Marcel Witeczek

Personal information
- Date of birth: 18 October 1968 (age 56)
- Place of birth: Tychy, Poland
- Height: 1.78 m (5 ft 10 in)
- Position(s): Attacking midfielder

Youth career
- 1980–1981: Oberhausen Rheinland
- 1981–1985: Rot-Weiß Oberhausen
- 1985–1986: Bayer Uerdingen

Senior career*
- Years: Team / Apps / (Gls)
- 1986–1991: Bayer Uerdingen / 142 / (22)
- 1991–1993: 1. FC Kaiserslautern / 68 / (15)
- 1993–1997: Bayern Munich / 97 / (9)
- 1997–2003: Borussia Mönchengladbach / 167 / (13)
- 2003–2005: SG Wattenscheid 09 / 62 / (6)
- 2005–2007: FC Albstadt
- Total:  / 536 / (75)

International career
- 1984–1985: West Germany U16 / 9 / (7)
- 1985: West Germany U17 / 6 / (8)
- 1986: West Germany U19 / 1 / (0)
- 1987: West Germany U20 / 8 / (7)
- 1988–1990: West Germany U21 / 9 / (4)

Medal record
Men's football
Representing West Germany
FIFA U-16 World Championship
| Runner-up | 1985 China |  |

= Marcel Witeczek =

German former professional footballer (born 1968)
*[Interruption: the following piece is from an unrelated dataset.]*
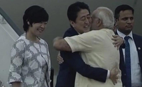 莫迪热烈欢迎安倍。(图片来源:印度时报)

Marcel Witeczek (born 18 October 1968) is a German former professional footballer who played mostly as an attacking midfielder.

Over the course of 15 seasons, he played in 410 Bundesliga games (50 goals; 474/59 counting both major levels of German football), representing four teams, including league powerhouse Bayern Munich, with whom he won his only titles.

==Playing career==
Born in Tychy, Silesia, Poland, Witeczek moved to Germany aged 13 with his family. He was a successful youth player in his country of adoption, earning runners-up medals at both the 1985 FIFA U-16 World Championship and the 1987 World Youth Championship, winning the Golden Shoe at the latter tournament, with seven goals in as many games. However, he missed the decisive shootout penalty in the final against Yugoslavia, which West Germany lost.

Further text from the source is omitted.